This post is part of our 2023 Data Privacy Week series. Data privacy is essential for maintaining trust in institutions that collect and use personal information. Without strong data privacy protections in place, individuals may not feel comfortable sharing their information, which can harm innovation and progress. Data Privacy Week raises awareness about the importance of data privacy and the protection of personal information. During this week, individuals, organizations, and governments come together to promote education and best practices for protecting personal data. We heard from data privacy experts from across the industry on how data privacy has evolved, what we're missing, and what could be on the horizon.
Eve Maler, CTO, ForgeRock
This Data Privacy Week, it’s critical to pay close attention to the increased use of artificial intelligence (AI) in the age of social media. Consumer-accessible AI is increasingly making its way into popular social media sharing applications. For instance, enhancing self portraits with AI to then share with followers on social media is the latest trend in photo editing applications. However, in doing so, consumers are handing over biometrically-significant data – a dozen or more photos of your face – to an unknown third party. The service’s privacy policy, security protections, AI model particularities, and trustworthiness gain new importance in light of the need to share so much data.
Biometrics have special requirements when it comes to keeping personal data safe and secure. Service providers need to make ethical management of biometric data a guiding principle. Pay special attention to meaningful user consent and to oversight of data management. Performing facial recognition also exposes the service to a wealth of derivable personal data, such as age, gender, ethnicity, and health. Decentralized device-based storage of biometric data is always safest.
Julian Zottl, Chief Technology Officer - Cyber Protection Solutions, Raytheon Intelligence & Space
There have been many breaches of consumer and personal information in recent years from hackers and ransomware cybercriminals attacking government, businesses and organizations looking for whatever data they can find to make money, protest, or prove themselves. What can the average person do?
Be a knowledgeable consumer. Know when you opt into things that you are trusting your information to that business or organization. Always ask if you would want that information made public.
Only provide the minimum information necessary.
Create long unique passwords for each account. At least 12 characters preferably 20. Use passphrases instead of passwords to make it easier to remember.
Use a password manager to create strong passwords and store them for you. Understand this can be breached as well.
Turn on multi-factor authentication. Use an authentication app, and not text messages which can be more vulnerable, on your phone.
Keep your phone, computer, tablets, browsers, etc. up to date with the latest software updates.
Be a savvy user and be mindful of phishing attempts in every form of communication you have.
Be wary of any devices that you bring in to your home and what information they might be sharing.
Alfredo Hickman, Head of Information Security, Obsidian Security
This year’s Data Privacy Week themes are about coming together on both an organizational and individual level to ethically leverage, store, and secure sensitive data. For organizations, this means acting transparently and in good faith when managing customer data, and respecting the vulnerable nature of the information if accessed by a malicious actor. It’s also important for companies to comply with regulatory oversight as most of the traction in improving data security, privacy, and ethics comes from regulation rather than market forces.

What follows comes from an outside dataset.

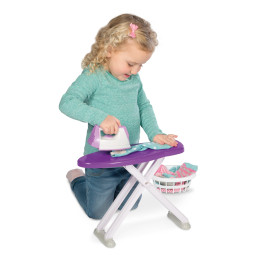 Tämä mainio Silityspäivä-setti pitää sisällään kaiken, mitä pieni apuri tarvitsee vaatteiden kuivaamiseen ja silittämiseen. Pakettiin sisältyy pyörivä kuivausteline, joka sopii mainiosti pienimmille vaatteille, ja taittuu kokoon leikkien päätteeksi. Silittämiseen setissä on taittuva silityslauta sekä aidon oloinen höyrysilitysrauta. Lisäksi mukana tulee pyykkipoikia, henkareita sekä pyykkikori. Kuivain 64cm, silityslaudan korkeus 29cm. Nukenvaatteet ja paristot eivät kuulu toimitukseen.

Individuals can do their part by providing the least amount of information required to engage with a business or service while taking the time to learn what is actually done with that information. Many don’t realize that their data is often shared with third-parties outside the direct control of the organization. In the future, I’m hopeful that states like California—who are adopting more stringent privacy regulations than others—will compel the federal government to follow their lead to avoid the growing Balkanized data privacy landscape we’re seeing in the US today. In the meantime, however, individuals must remain vigilant in understanding their data privacy rights and reading the fine print when choosing the organizations with which they are willing to share their story.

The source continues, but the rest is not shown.